* _Exercise description_
From the line with "The duct in" to the line with "Fourth photo: Fred", output every line below exactly, both ends included. Skip the pictures.

Stored records
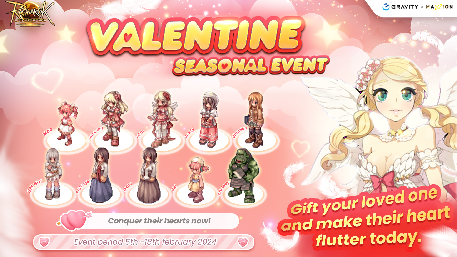 Valentine seasonal event ของเกม Ragnarok Landverse เริ่มตั้งแต่ 5-18 ก.พ. 2566 ซื้อของขวัญไปแจก NPC สาวในเกม รับ Lovely Heart เพื่อเอาไปแลกของรางวัลเพิ่มเติมได้!
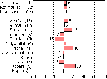 Venäläiset olivat suurin ulkomaisten matkailijoiden ryhmä lokakuussa 2007. He yöpyivät majoitusliikkeissä 40 000 kertaa. Määrä oli 8 prosenttia enemmän kuin vuotta aiemmin. Seuraavina olivat ruotsalaiset ja saksalaiset. Ruotsalaisille kirjattiin lähes 35 000 yöpymisvuorokautta ja saksalaisille hieman vajaat 31 000 vuorokautta. Ruotsalaisten yöpymiset lisääntyivät 2 prosenttia, kun taas saksalaisten yöpymisissä oli 16 prosentin lisäys viime vuodesta. Norjalaisten ja japanilaisten yöpymiset lisääntyivät myös voimakkaasti. Heille kirjattiin majoitusliikkeissä runsaat 10 000 yöpymistä kummallekin. Norjalaisten yöpymisiä tilastoitiin 18 prosenttia ja japanilaisten yöpymisiä 23 prosenttia enemmän kuin lokakuussa 2006.
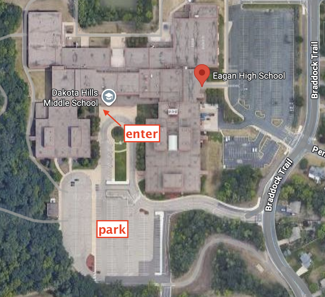 WHERE: Eagan High School, enter Door 55 on south side of the school in the DHMS/EHS horseshoe! We'll greet you there and send you toward the room.
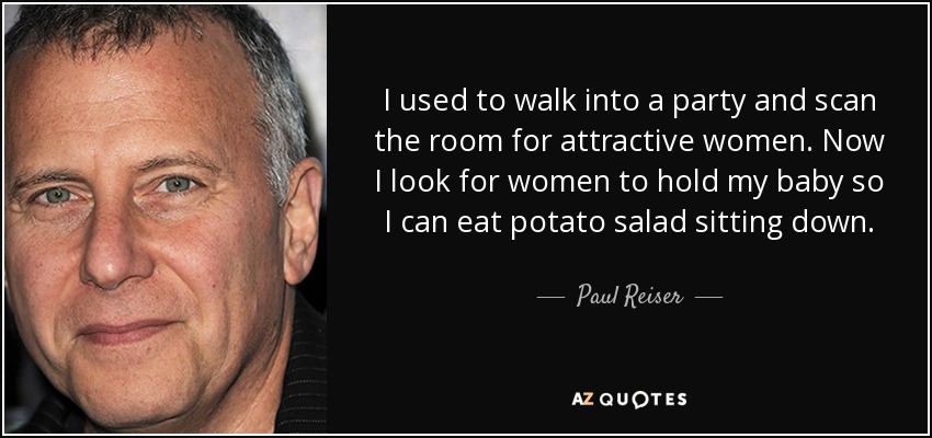 I used to walk into a party and scan the room for attractive women. Now I look for women to hold my baby so I can eat potato salad sitting down.
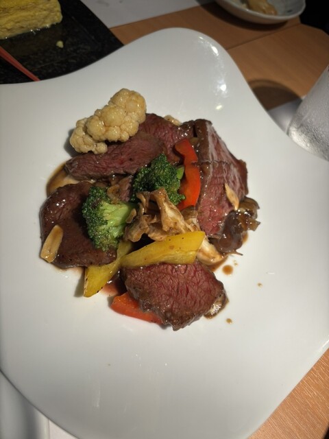 サラダにザーサイ、海老マヨ、酢豚、だし巻き、渡り蟹春雨、白老牛と野菜炒め、麻婆豆腐、チャーハン、寿司と食べ過ぎましたー!
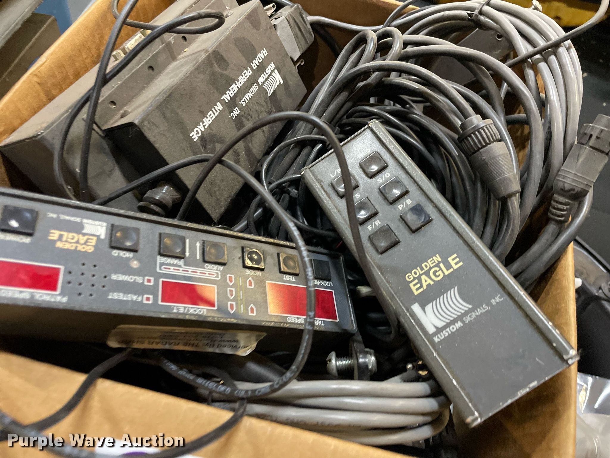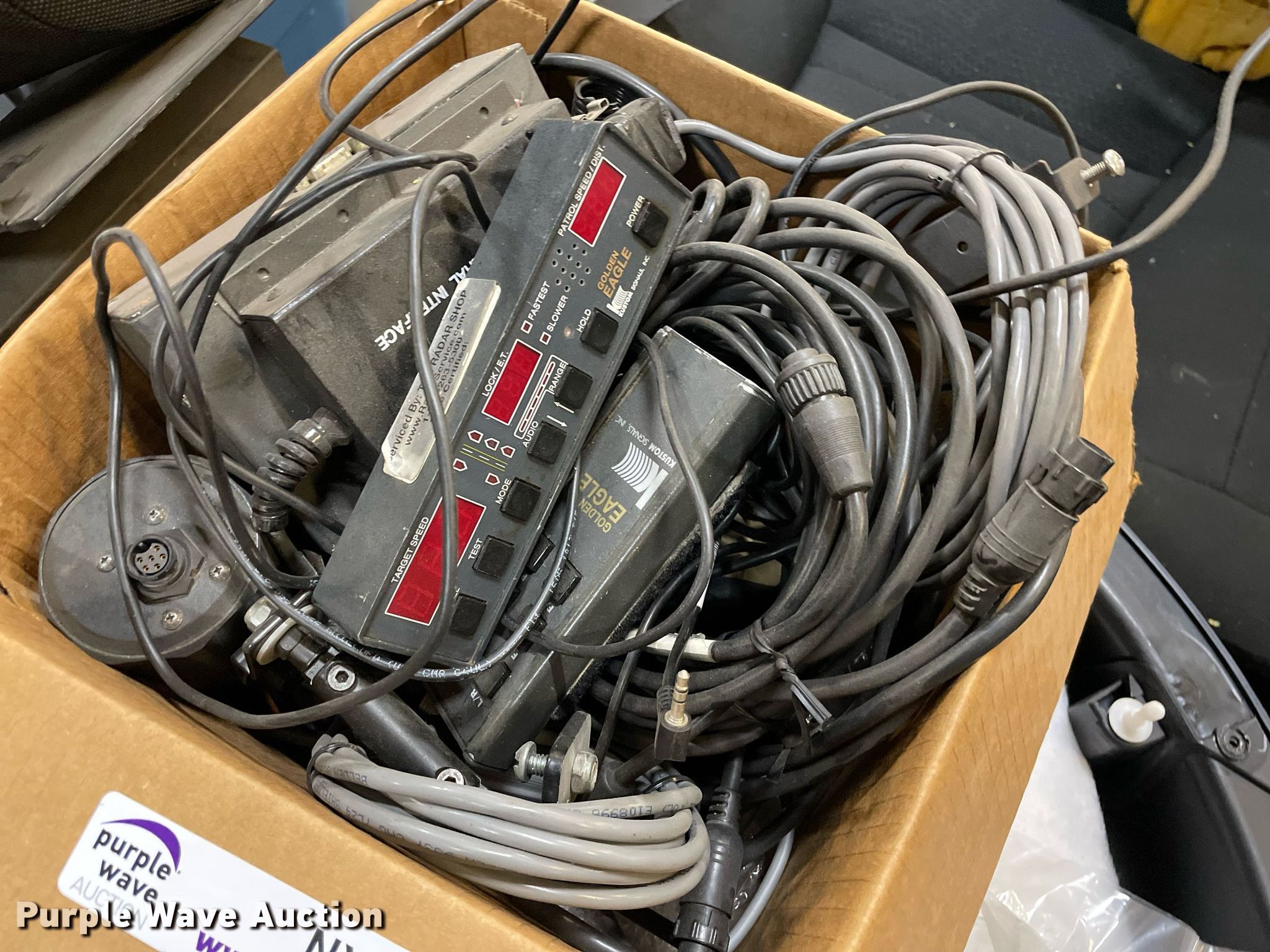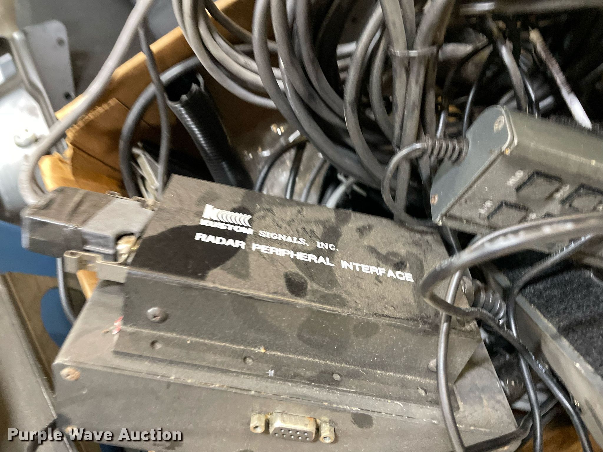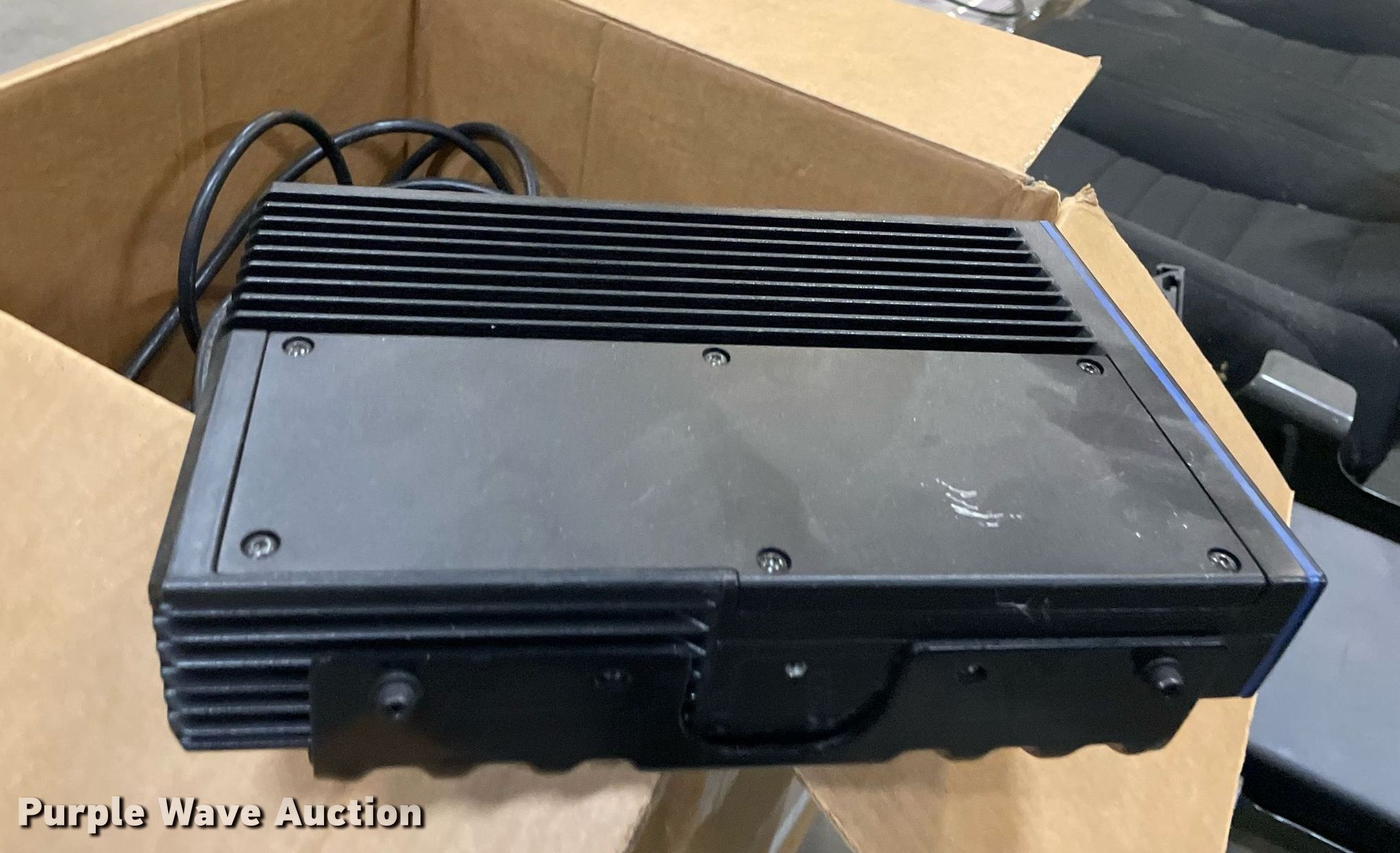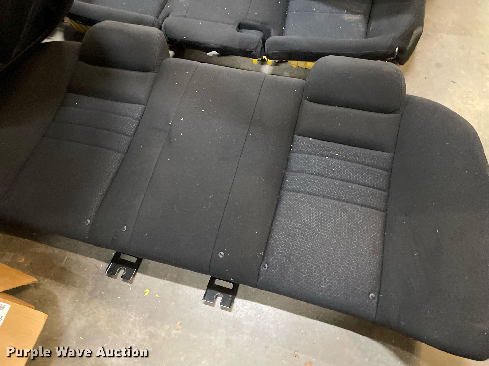 Purple Wave is selling a used Automotive Parts or Acces. in Kansas. This item is a Automotive parts with the following: (3) backseats, Removed from Dodge Charger, (2) Dodge Charger door panels, unused, Whelen light bar, Approximately 30 carpet squares, Custom signals radar, Center console components, Container of siren boxes and speakers, Container included, (2) M/A-Com radios, Push bumper and more
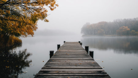 A wooden dock extends into a foggy lake, with scattered autumn leaves creating a tranquil atmosphere.
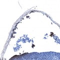 The duct in the lower and middermis is patent; in the proximal stratum corneum, there is a ductal occlusion and the exit is completely occluded. Inflammatory and parakeratotic cells are noted in and around this occlusion (40×)
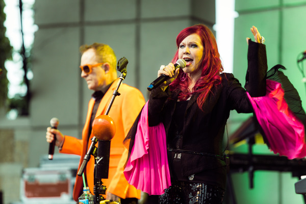 Fourth photo: Fred Schneider and Kate Pierson of the B-52’s perform to a large crowd, inspite of incliment weather.
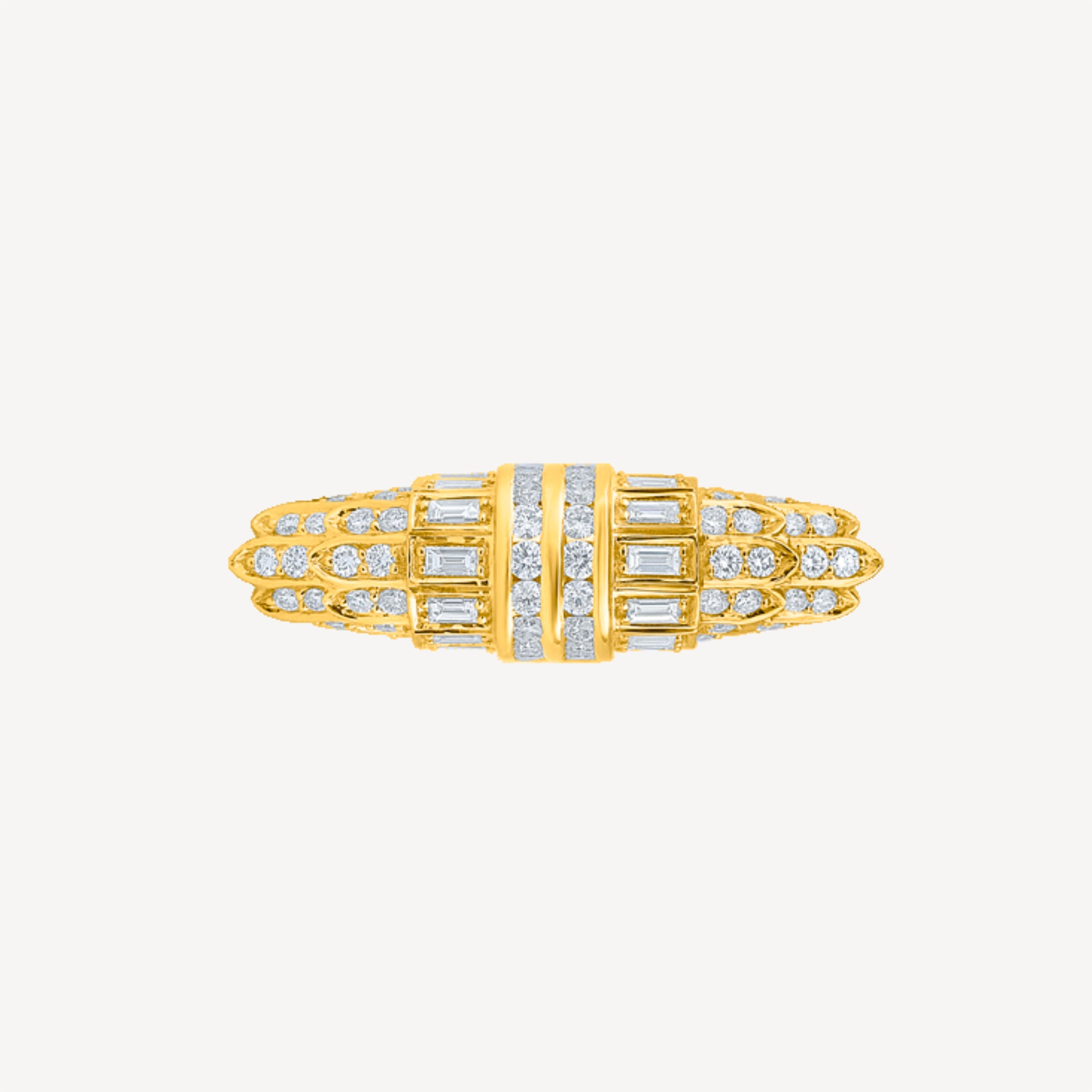 La bague City Lights Eternity en or et diamants signée Mirari incarne l'éclat urbain avec sa forme illustrant à la perfection le design de la collection Empire State. Confectionnée en or jaune noble, elle arbore une succession de diamants brillants qui capturent la lumière. Gardien de la lumière, le diamant protège et renforce l’esprit.
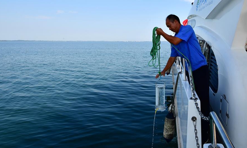 A worker gets water from Danjiangkou reservoir to share with tourists at Xichuan County in Nanyang, central China's Henan Province, Aug. 26, 2020. As part of the water source of the middle route of China's south-to-north water diversion project, Xichuan County has made much progress in both ecological protection and poverty alleviation.Photo:Xinhua
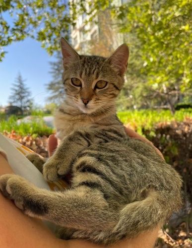 Lily, tekir kız, 6 aylık civarı sağlıklı bebek. Kum eğitimi var. Kuru ve yaş mama yiyor. İç-dış parazit uygulamaları var. İnsan canlısı, sakin ve sevgi dolu, gurgur bebek. Diğer kediler ile arası gayet iyi.
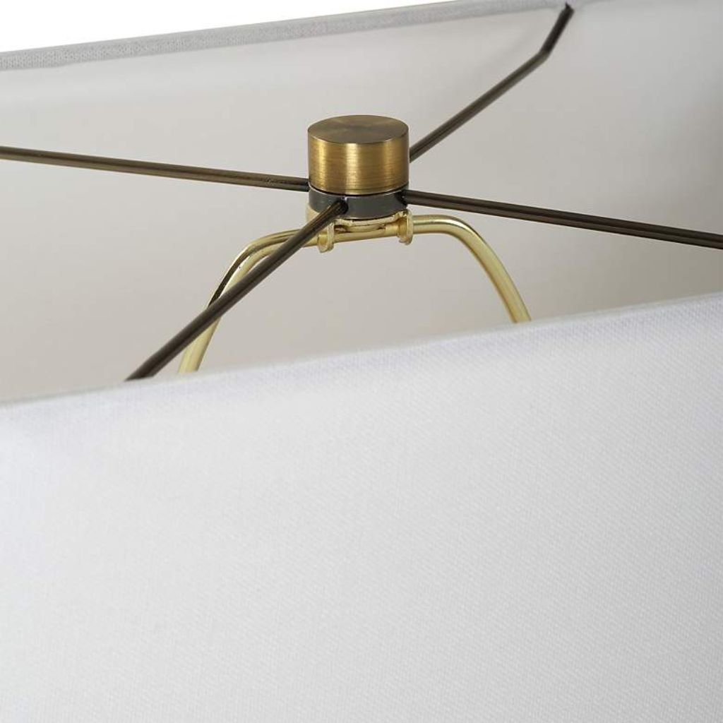 A crisp white linen fabric shade completes the design, measuring 17 inches wide by 10 inches deep and 11 inches high. The rectangular shape complements the sculptural base while diffusing light evenly to create a soft, inviting glow.

* _Solution to this task_
 The duct in the lower and middermis is patent; in the proximal stratum corneum, there is a ductal occlusion and the exit is completely occluded. Inflammatory and parakeratotic cells are noted in and around this occlusion (40×)
 Fourth photo: Fred Schneider and Kate Pierson of the B-52’s perform to a large crowd, inspite of incliment weather.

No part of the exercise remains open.